THE EDIBLE OYSTER:—This shell-fish is almost universally distributed near the shores of seas in all latitudes, and they especially abound on the coasts of France and Britain. The coasts most celebrated, in England, for them, are those of Essex and Suffolk. Here they are dredged up by means of a net with an iron scraper at the mouth, that is dragged by a rope from a boat over the beds. As soon as taken from their native beds, they are stored in pits, formed for the purpose, furnished with sluices, through which, at the spring tides, the water is suffered to flow. This water, being stagnant, soon becomes green in warm weather; and, in a few days afterwards, the oysters acquire the same tinge, which increases their value in the market. They do not, however, attain their perfection and become fit for sale till the end of six or eight weeks. Oysters are not considered proper for the table till they are about a year and a half old; so that the brood of one spring are not to be taken for sale, till, at least, the September twelvemonth afterwards.

SCALLOPED OYSTERS.

I.

INGREDIENTS.—Oysters, say 1 pint, 1 oz. butter, flour, 2 tablespoonfuls of white stock, 2 tablespoonfuls of cream; pepper and salt to taste; bread crumbs, oiled butter.

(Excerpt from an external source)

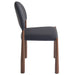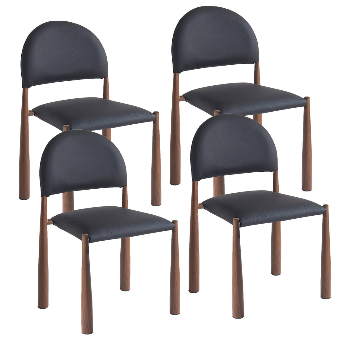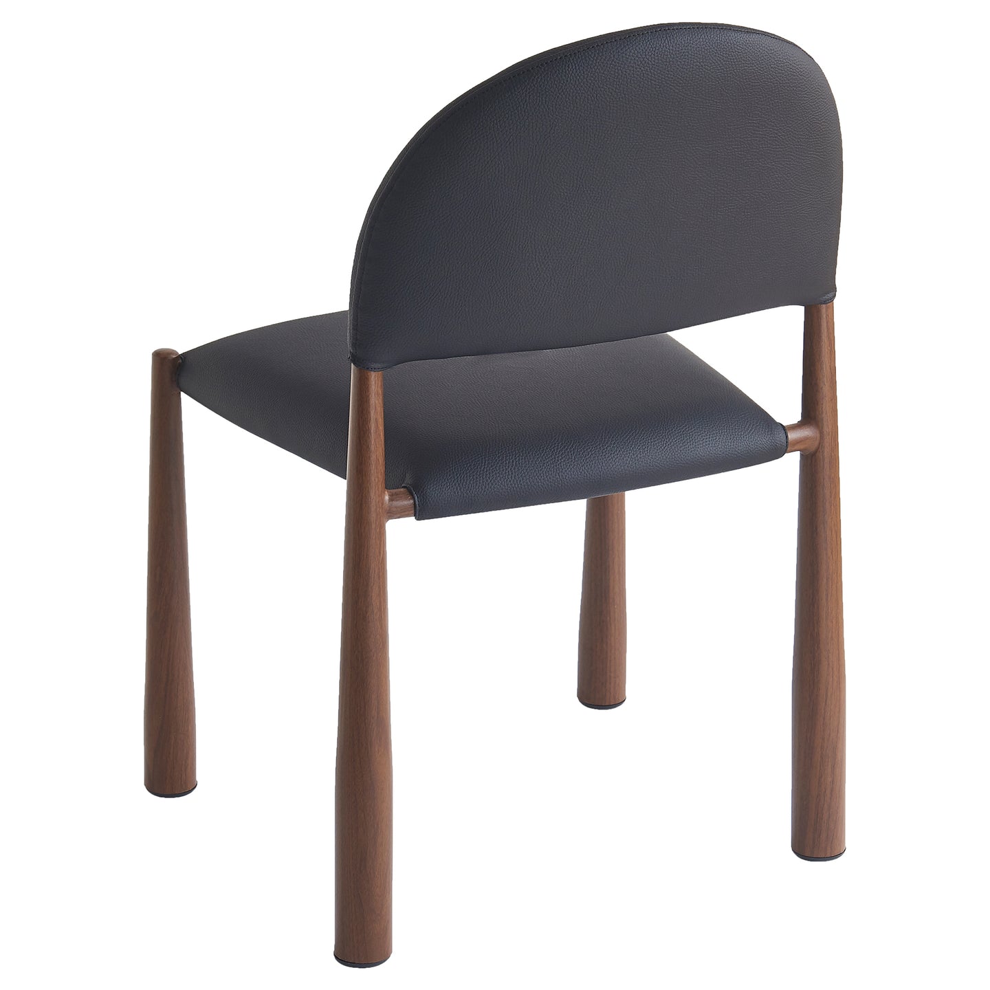 Mid-century influence on this modern chair has results in this unique dining chair. Rounded back and legs create an inviting look, while the textured black faux leather upholstery keeps it fresh and on-trend. Perfect for formal or casual spaces, will match with a variety of table styles and colours.

Mode.—Scald the oysters in their own liquor, take them out, beard them, and strain the liquor free from grit. Put 1 oz. of batter into a stewpan; when melted, dredge in sufficient flour to dry it up; add the stock, cream, and strained liquor, and give one boil. Put in the oysters and seasoning; let them gradually heat through, but not boil. Have ready the scallop-shells buttered; lay in the oysters, and as much of the liquid as they will hold; cover them over with bread crumbs, over which drop a little oiled butter. Brown them in the oven, or before the fire, and serve quickly, and very hot.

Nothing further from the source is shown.